Receiver operating characteristic curves and their area under the curve (AUC), where positive and negative outcomes were defined as malignant and benign, respectively. (A) In pathologic diagnosis of papillary thyroid cancer and benign follicular lesions other than follicular adenoma (n = 210). (B) In Bethesda cytological category of atypia of undetermined significance or follicular lesion of undetermined significance (n = 40). (C) In Bethesda cytological category of follicular neoplasm or suspicious for a follicular neoplasm (n = 32). (D) In Bethesda cytological category of suspicious for malignancy (n = 53). In panel A, the threshold value was set at the cut-off point that was closest to (0,1). In panel B, C, and D, the threshold value was set at the sensitivity that was 100% aligned with specificity that is as high as possible.

Figure 2

Box plots of the relationship between a diagnostic score and pathologic diagnosis. (A) In pathologic diagnosis of papillary thyroid cancer and benign follicular lesions other than follicular adenoma (n = 210). (B) In Bethesda cytological category of atypia of undetermined significance or follicular lesion of undetermined significance (n = 40). (C) In Bethesda cytological category of follicular neoplasm or suspicious for a follicular neoplasm (n = 32). (D) In Bethesda cytological category of suspicions for malignancy (n = 53). NH: Nodular hyperplasia. NG: Nodular goiter. AH: Adenomatous hyperplasia. AG: Adenomatous goiter. PTC: Papillary thyroid cancer. FA: Follicular adenoma. FC: Follicular carcinoma.

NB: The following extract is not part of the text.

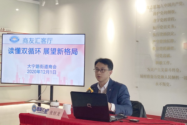 日前,静安区大宁路街道商会“商友汇客厅”,邀请了上海大学经济学博士、博士生导师张恒龙教授,围绕“读懂双循环 展望新格局”的主题,以小型沙龙的形式为商会会员企业作深度解读。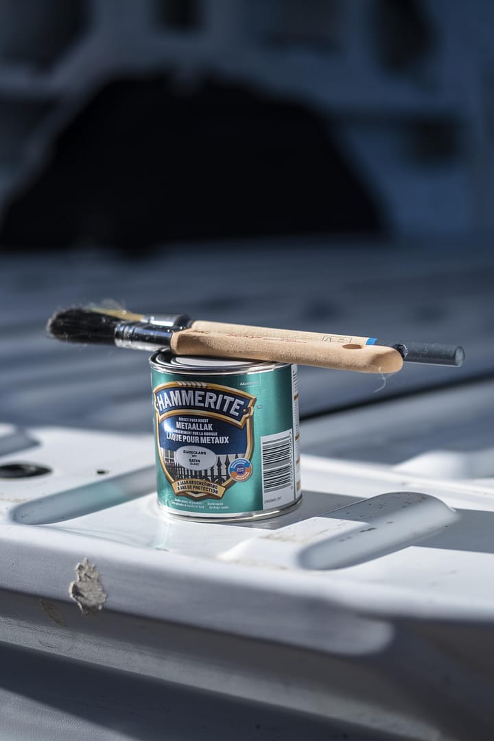 - Nat – detailwerk: hierna zijn we met een doekje in alle kleine hoekjes en spleetjes geweest. Dit hebben we samen met de Hamerite gedaan (zie hieronder, roestbestrijding).

2.2. Performance of the Logistic Model in Cytologically Indeterminate Categories

The ROC curve analyses were performed for cases in the indeterminate AUS, FN/SFN, and SUSP cytological categories and their AUROC values were 81.3% (p < 0.001), 56.8% (p = 0.52), and 78.7% (p = 0.014), respectively (Table 4). The optimum threshold probabilities based on the cut-off point closest to (0,1) for the AUS, FN/SFN, and SUSP categories were calculated to be 0.523, 0.304, and 0.733, with (sensitivity percentage, specificity percentage) equal to (87.0, 70.6), (80.0, 45.5), and (64.0, 100.0), respectively (Table 4, model 2). The logistic model was more sensitive for the AUS category and was very specific for the SUSP category, while the model was not as effective for FN/SFN cases.

Table 4

Prediction of pathologic diagnosis of thyroid cancer using a diagnostic score.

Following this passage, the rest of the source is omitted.